第28章 今宵はふたりで Ⅱ【P273〜の続き、‎🤍&🐾 ♟️*】


「ルカス殿、僕に何の用だ?」

物々しい雰囲気にフェリスが身構える。



「フェリス様、貴方にお聴きたいことがあります。

貴方が長らく他家に嫁がせた一族の御息女たちと共謀して、

他領地の平民の女性たちを攫い、奴隷として無理やり働かせていたと聞きましたが、これは事実ですか?」

ルカスに冷ややかに問われ、フェリスが顔色を変える。



「いや、知らないな。
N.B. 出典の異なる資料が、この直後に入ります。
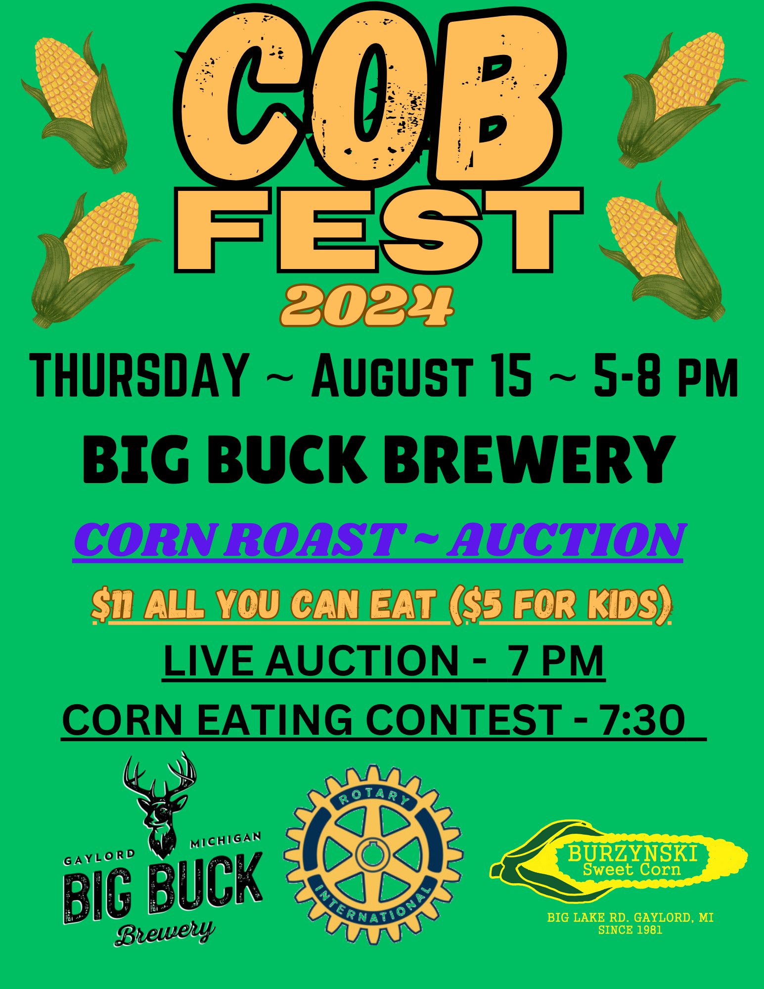Come feast at the Rotary Club of Gaylord's 2nd annual corn roast and auction.Roasted cobs are $3 with unlimited toppings or all-you-can-eat for $11. We will have the incredible parm-garlic-butter dunk(YUM)We're raising money for our local Rotary club, which helps with all kinds of projects around the community.There will be a running silent auction and live auction at 7pm7:30 pm are the corn-sprints. Who can finish 3 cobs the quickest.?Please join us this Thursday evening, at Big Buck Brewery in Gaylord, for a memorable auction and corn roast! Our chairperson has a marvelous spread of corn toppings to enjoy. Auction items are still coming in and some are quite exciting, including a unique opportunity to tour the Mackinaw Bridge tower! Only 25 passes for this experience are made available each year. Come see what's in store!

一体何処からそのような噂が?」

声に動揺が滲んでいる。



「私は、元々グロバナー家の方々に贔屓にいただいている、仕立屋のお針子でした!

でもある夜その方に実家を襲撃されて、無理やりここへ連れてこられたんです!」

ひとりの少女の証言を皮切りに、他の少女たちも口々に唇をひらく。



「わ、私も元々セイランの村娘でした!

両親が亡くなった夜、突然村が踏み荒されて……!」



「私も、元はウォールデン家領の遊牧民です!」

彼女たちの証言によって、

言い逃れできない状況に陥っていると悟ったのか、フェリスは苦々しい表情になった。

少女たちを睨み付ける。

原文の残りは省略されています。